◆ Your assignment ◆
From the first line below to the last, reproduce the material exactly and leave out the images.

◆ Recorded information ◆
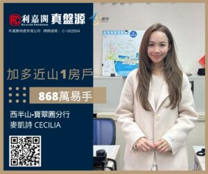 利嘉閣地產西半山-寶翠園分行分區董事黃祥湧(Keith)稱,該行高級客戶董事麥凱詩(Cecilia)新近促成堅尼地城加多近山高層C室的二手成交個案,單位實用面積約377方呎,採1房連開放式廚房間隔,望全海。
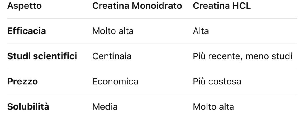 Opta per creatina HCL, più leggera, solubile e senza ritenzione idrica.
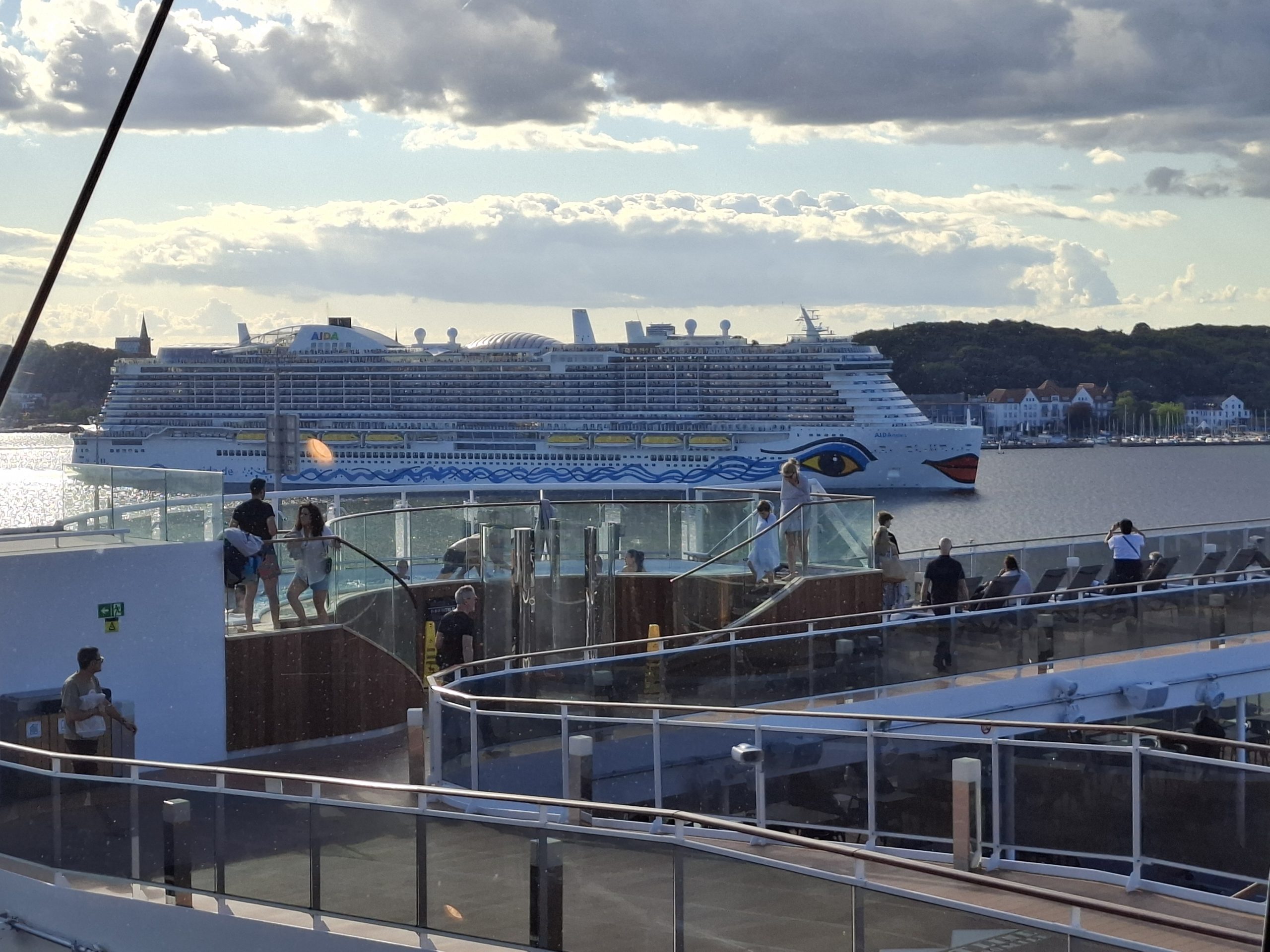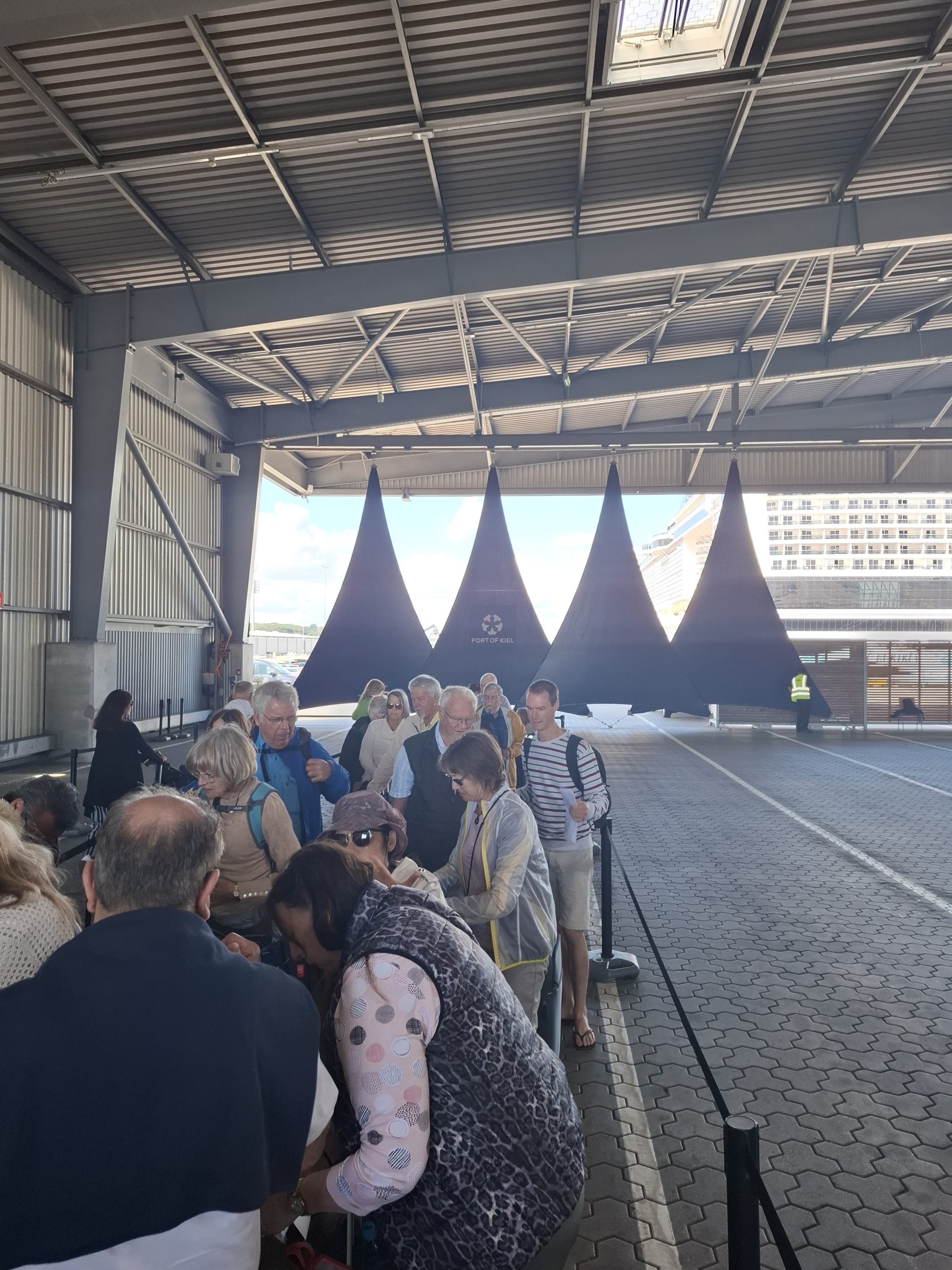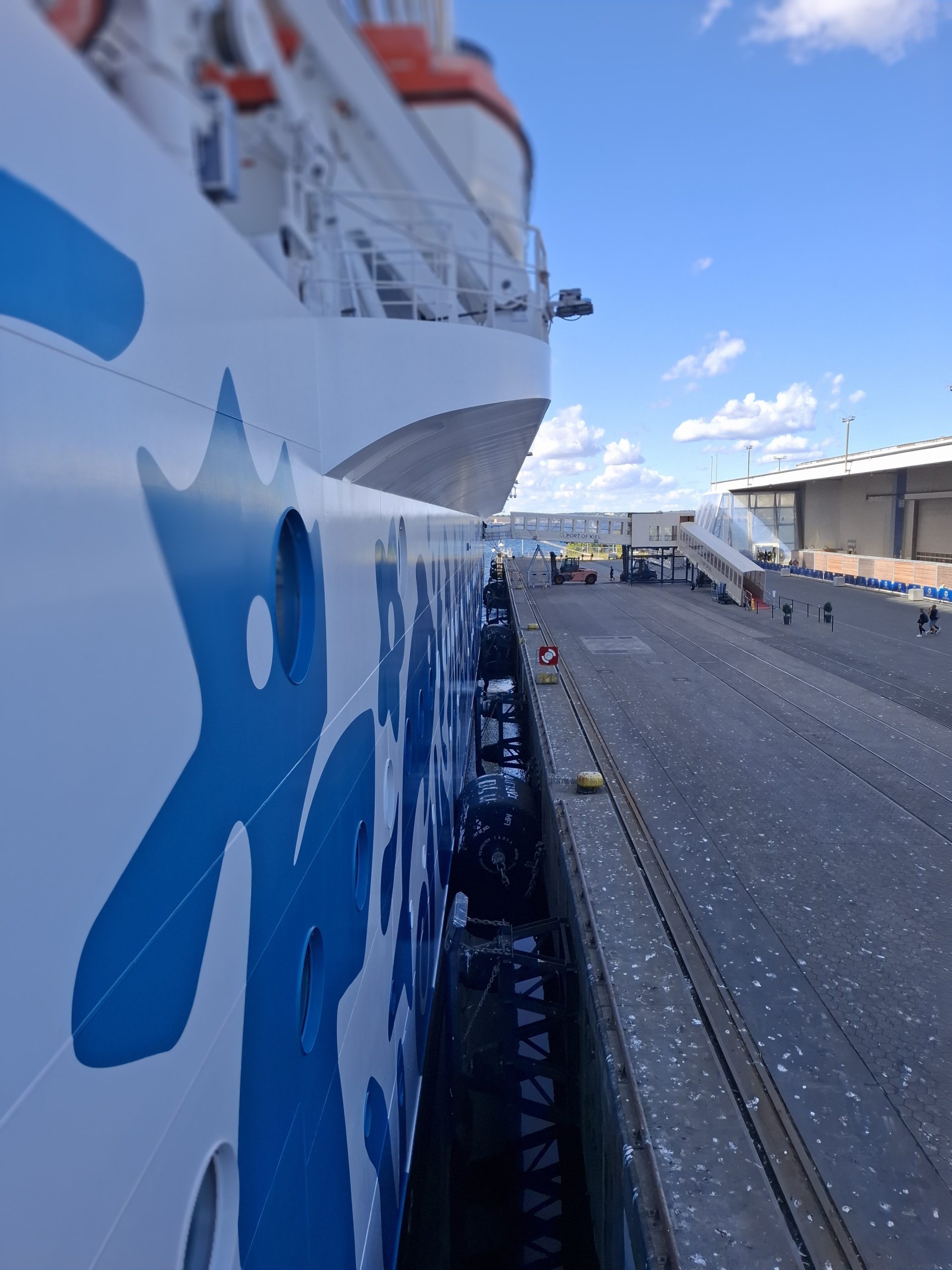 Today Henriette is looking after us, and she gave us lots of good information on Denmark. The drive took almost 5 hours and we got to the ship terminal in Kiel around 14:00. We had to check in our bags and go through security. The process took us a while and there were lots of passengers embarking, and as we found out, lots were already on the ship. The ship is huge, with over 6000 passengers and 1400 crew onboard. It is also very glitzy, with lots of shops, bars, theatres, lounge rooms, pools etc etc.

◆ Answer space ◆
 利嘉閣地產西半山-寶翠園分行分區董事黃祥湧(Keith)稱,該行高級客戶董事麥凱詩(Cecilia)新近促成堅尼地城加多近山高層C室的二手成交個案,單位實用面積約377方呎,採1房連開放式廚房間隔,望全海。
 Opta per creatina HCL, più leggera, solubile e senza ritenzione idrica.
 Today Henriette is looking after us, and she gave us lots of good information on Denmark. The drive took almost 5 hours and we got to the ship terminal in Kiel around 14:00. We had to check in our bags and go through security. The process took us a while and there were lots of passengers embarking, and as we found out, lots were already on the ship. The ship is huge, with over 6000 passengers and 1400 crew onboard. It is also very glitzy, with lots of shops, bars, theatres, lounge rooms, pools etc etc.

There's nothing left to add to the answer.